En Icaria, las mesas se arman al aire libre y la sobremesa dura más que el vino. En Okinawa, los amigos del moai se visitan sin cita ni excusa. No hay apps, hay presencia.
El periodista Dan Buettner lo resume así: “La gente más longeva del mundo no piensa en vivir mucho; piensa en vivir juntos”.
Según Bloomberg Health, esas comunidades tienen un ingreso per cápita menor que las capitales, pero tienen cinco veces más centenarios. El capital que prolonga la vida se llama comunidad.
En Rosario y Medellín ya se ensayan modelos similares: veredas caminables, huertas vecinales, viviendas intergeneracionales. En Barcelona, el Ayuntamiento financia cafés de barrio para mayores que viven solos.
Mientras tanto, en nuestras ciudades, la soledad y el estrés son epidemias silenciosas. Tal vez no nos falte colágeno, sino sobremesa.

La desigualdad emocional del envejecimiento
Las estadísticas muestran que las mujeres viven más, pero en peores condiciones económicas y emocionales. En América Latina, el 60 % de las personas mayores que viven solas son mujeres.
La OMS calcula que la soledad no deseada incrementa el riesgo de muerte prematura en un 30%.
En Call Me by Your Name, el padre le dice a su hijo: “Nos quedamos tan poco tiempo con las cosas buenas que deberíamos ser más generosos”. Es un consejo sobre el amor, pero también sobre la vida: aprender a cuidar lo que el tiempo nos deja.

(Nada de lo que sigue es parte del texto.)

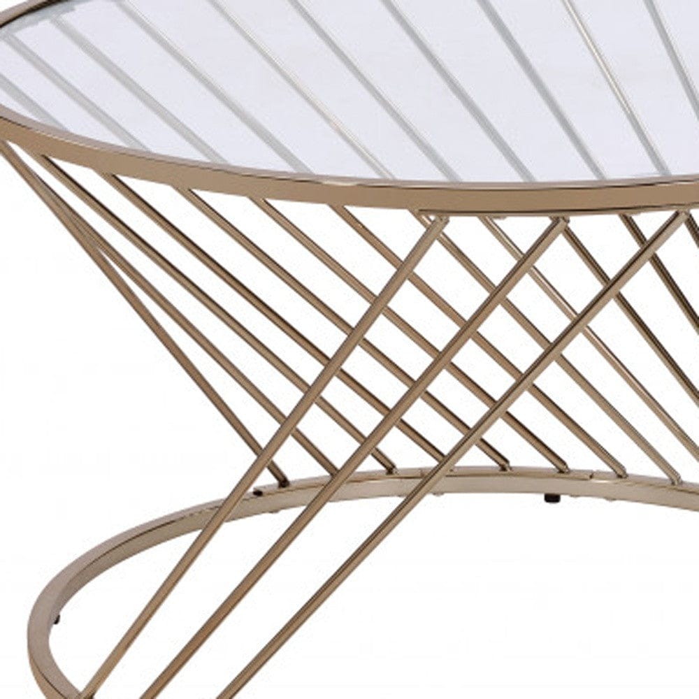 32" Champagne And Clear Glass And Metal Round Coffee Table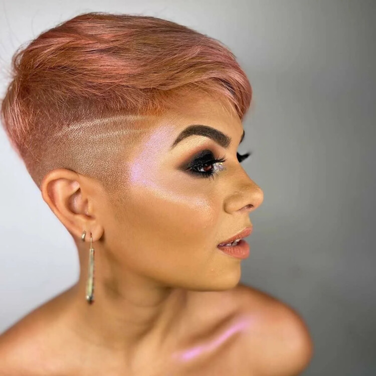 Ще більш зухвало виглядає піксі з поголеними боками. Рожевий відтінок дуже красивий, але поголені боки – ось що дійсно характеризує цей образ.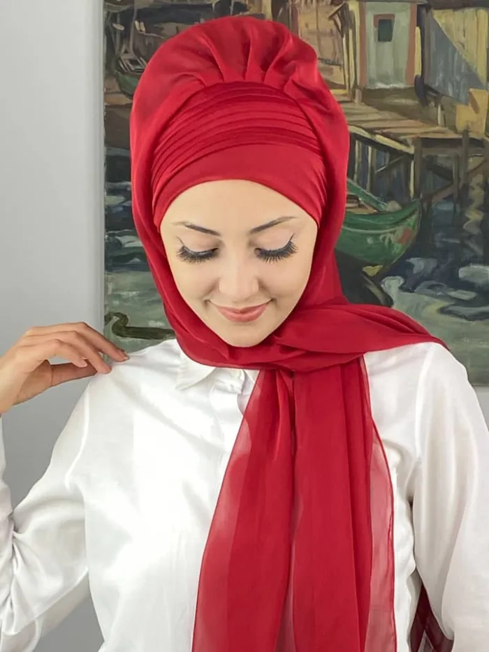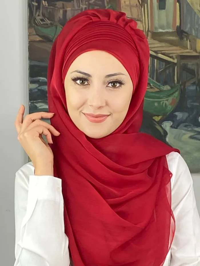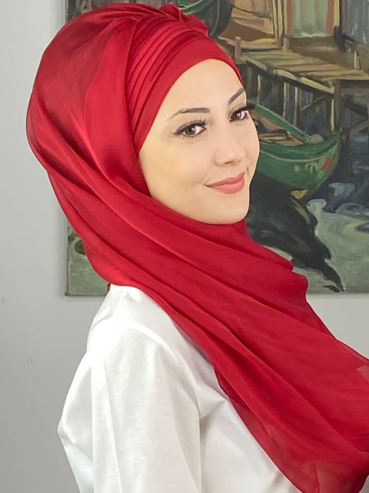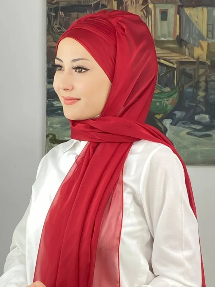 Saray Model Yan Drapeli Fransız Şifon Hazır Şal – Kırmızı; göz alıcı, güçlü ve dikkat çeken bir stilin en etkili tamamlayıcılarından biridir. Kırmızının etkileyici gücünü şifonun akışkan dokusuyla buluşturarak hem romantik hem de iddialı bir görünüm oluşturur. Yan drape tasarımıyla yüz hatlarını daha uzun ve ince gösterir, modern bir form kazandırır. Abiye kombinlerinize eşsiz bir dokunuş sağlayan bu hazır şal, özellikle özel günlerde fark yaratmak isteyen kadınlar için tasarlanmıştır.

El filósofo Byung-Chul Han lo llama el impuesto de la sociedad del rendimiento. Envejecer, hoy, es un acto de resistencia emocional.

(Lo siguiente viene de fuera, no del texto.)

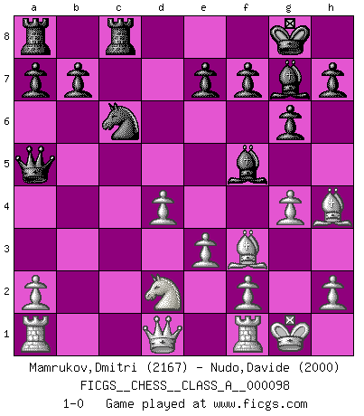 Last move : 1-0 2011 November 4 0:32:8 [Event "FICGS__CHESS__CLASS_A__000098"] [Site "FICGS"] [Date "2011.07.12"] [Round "1"] [White "Mamrukov,Dmitri"] [Black "Nudo,Davide"] [Result "1-0"] [WhiteElo "2167"] [BlackElo "2000"] 1.d4 Nf6 2.c4 g6 3.Nc3 d5 4.Nf3 Bg7 5.Bg5 Ne4 6.Bh4 c5 7.cxd5 Nxc3 8.bxc3 Qxd5 9.e3 cxd4 10.cxd4 Nc6 11.Be2 O-O 12.O-O Bf5 13.Nd2 Rfc8 14.Bf3 Qa5 15.g4 1-0 This chess game has been lost on time (started : 2011.07.12 17:45:12) King's Indian defense, 3.Nc3 Kingside Castling by player Black (move 11) Kingside Castling by player White (move 12) Player White won this chess game. Follow this game move after move (download)The King is a fighting piece. Use it ! (Wilhelm Steinitz) Schach ist die gewalttätigste aller Sportarten. (Garry Kasparov) La estratégia requiere pensar, la táctica requiere observación. (Max Euwe) Seul un grand joueur sait à quel point il joue faiblement. (Xavier Tartacover) A belief is an idea the mind possesses, an idea that possesses the mind. (Robert Oxden Bolton)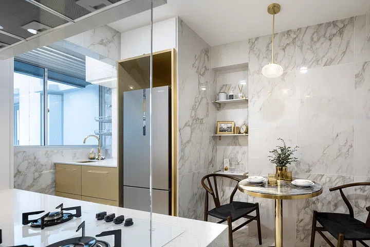 When homeowners Eugene Lee and Vernus Lou decided to take on the project of designing their three-room BTO flat, having a home with good feng shui was their priority. “We were advised to use plenty of white and gold throughout the house,” says Eugene, founder of Shijin Design Consultancy. The couple decided to do this by cladding the kitchen and part of the living room in white marble, while adding gold light fixtures and accessories for a touch of understated luxury in the home. Against this backdrop, the couple's personality shines through in their choice of furniture and accessories.

En Suecia, el sistema de salud comenzó a prescribir viajes y encuentros como parte del tratamiento de enfermedades crónicas. Europa se pregunta si la compañía no será el mejor antidepresivo del futuro.
Si la soledad enferma, la comunidad debería recetarse.

El tiempo como forma de poder
El epidemiólogo británico Michael Marmot demostró que por cada peldaño que se sube en la escala social se ganan dos años de vida saludable.
Vivir sin límite, como envejecer sin sentido, puede ser otra forma de vacío.
El problema no es cuánto dura la vida, sino quién puede elegir cómo vivirla.
El tiempo libre también es una forma de riqueza.
Democratizar el tiempo
La CEPAL advierte que la región envejece rápido y desigual: quince años de diferencia separan a quienes viven con bienestar de quienes apenas llegan.
La ONU propone diseñar ciudades amigables con las personas mayores: veredas seguras, plazas accesibles, transporte público pensado para todos.
“Cada dólar invertido en prevención ahorra siete en dependencia”, recuerdan sus informes. No se trata solo de agregar años a la vida, sino de agregar vida a los años.
Si la longevidad se convierte en un privilegio, el futuro será un lujo para pocos.